Prayers Before and After Meals
In brief
Orthodox Christians bless their food before eating and thank God after. Before the meal the family stands, makes the sign of the cross, and usually says the Lord's Prayer with a short blessing of the food; after the meal a brief prayer of thanksgiving is offered. The habit turns an ordinary table into a small act of worship — receiving food as a gift and returning thanks for it.
Why we bless the table
For the Orthodox, eating is never merely fueling the body. Food is God's gift, and the Church teaches that it is "sanctified by the word of God and prayer" (1 Timothy 4:5). St. Paul makes the whole table a place of worship: "whether therefore ye eat, or drink, or whatsoever ye do, do all to the glory of God." To bless the food before and to give thanks after is simply to eat the way a Christian eats — as a guest at a table God has set.

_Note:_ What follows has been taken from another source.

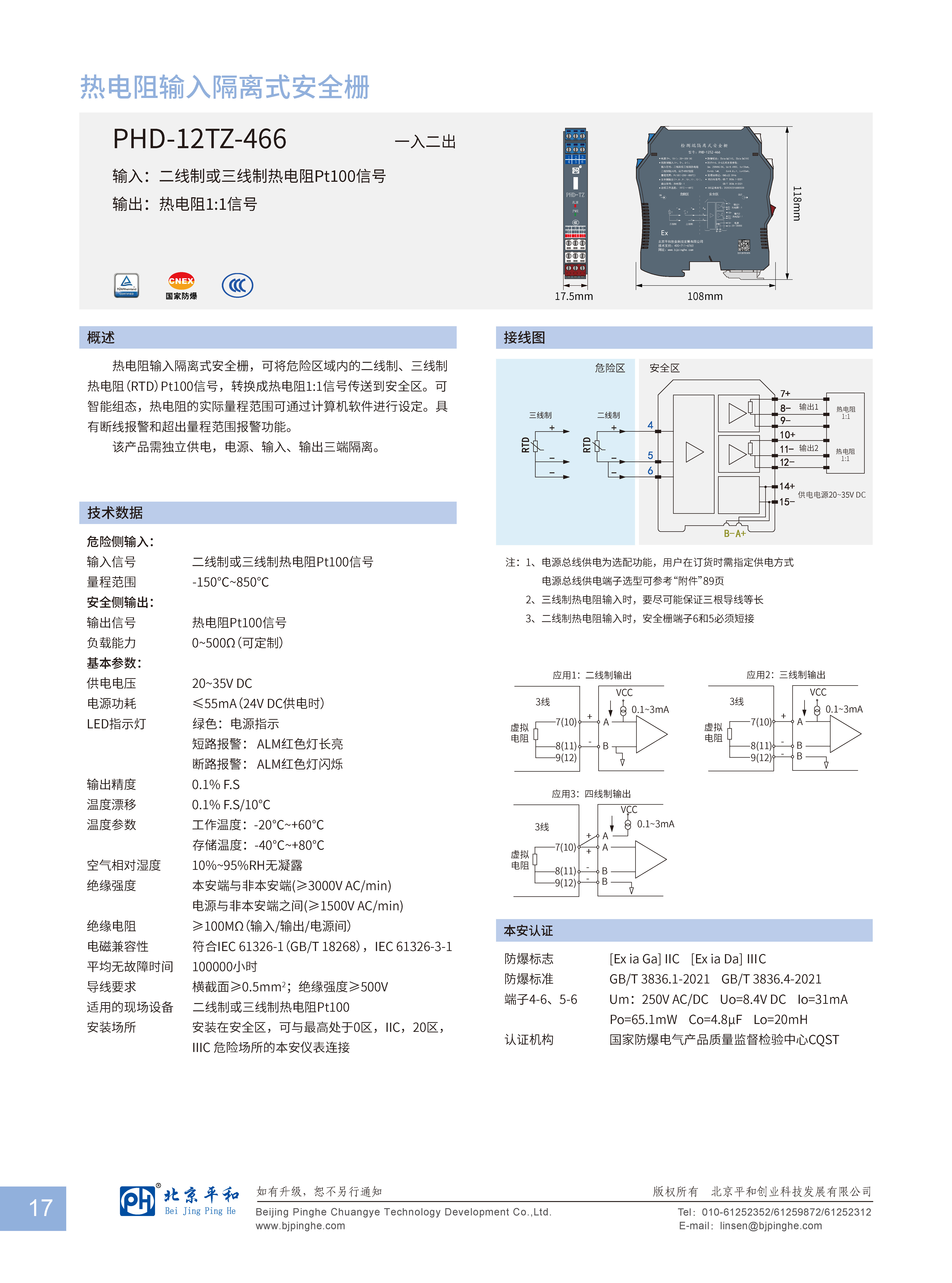 熱電阻輸入隔離式安全柵,可將危險區(qū)域內(nèi)的二線制、三線制熱電阻(RTD)Pt100信號,轉(zhuǎn)換成熱電阻1:1信號傳送到安全區(qū)??芍悄芙M態(tài),熱電阻的實際量程范圍可通過計算機軟件進行設(shè)定。具有斷線報警和超出量程范圍報警功能。

The custom is ancient and biblical. The Lord commanded Israel, "When thou hast eaten and art full, then thou shalt bless the Lord thy God," and the Gospels show Christ Himself taking bread, blessing, and giving thanks before feeding the crowds. The family table extends the spirit of the icon corner into the kitchen: a place where the household pauses, remembers God, and receives His gifts consciously rather than absently.
The customary prayers
Before the meal the family stands facing the icons, makes the sign of the cross, and prays. The core is the Lord's Prayer, followed (in the common Slavic-tradition form) by "Lord, have mercy" three times and the blessing: "O Christ our God, bless the food, drink, and fellowship of Thy servants, for Thou art holy always, now and ever and unto ages of ages. Amen." After the meal thanks is returned: "We give thanks to Thee, O Christ our God, that Thou hast satisfied us with Thy earthly blessings; deprive us not also of Thy Heavenly Kingdom," ending, "Blessed is God, Who has fed and nourished us with His bountiful gifts by His grace and compassion always, now and ever and unto ages of ages. Amen."

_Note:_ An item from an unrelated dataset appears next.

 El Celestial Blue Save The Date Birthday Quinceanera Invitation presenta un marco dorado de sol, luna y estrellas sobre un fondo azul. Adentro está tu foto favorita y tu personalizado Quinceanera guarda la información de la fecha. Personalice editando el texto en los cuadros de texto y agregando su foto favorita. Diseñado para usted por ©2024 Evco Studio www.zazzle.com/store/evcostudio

The exact words vary by prayer book and tradition — Greek, Slavic, and Antiochian practice each phrase it a little differently, and some simply say the Lord's Prayer alone. This is ordinary variation, not disagreement; any prayer book will give the local form. The two movements are always the same: ask God's blessing before, give Him thanks after.
At the family table
In practice one person leads — a parent, or the eldest — and the others make the sign of the cross and answer. Children learn the prayers here as naturally as they learn to hold a fork. Guests are welcomed into the same rhythm; the after-meal prayer thanks God not only for food but for the "fellowship" shared. On fast days the family blesses whatever is set before it in the same way, since the prayer is over God's gift, not over any particular menu (why-orthodox-christians-fast).
The tradition keeps the practice from turning inward. To thank God for a full table is also to remember those without one, which is why the Church links prayer at meals to almsgiving and hospitality. A short grace, said honestly, quietly reorders the day: it confesses, three times daily, that we live by gift and not by right.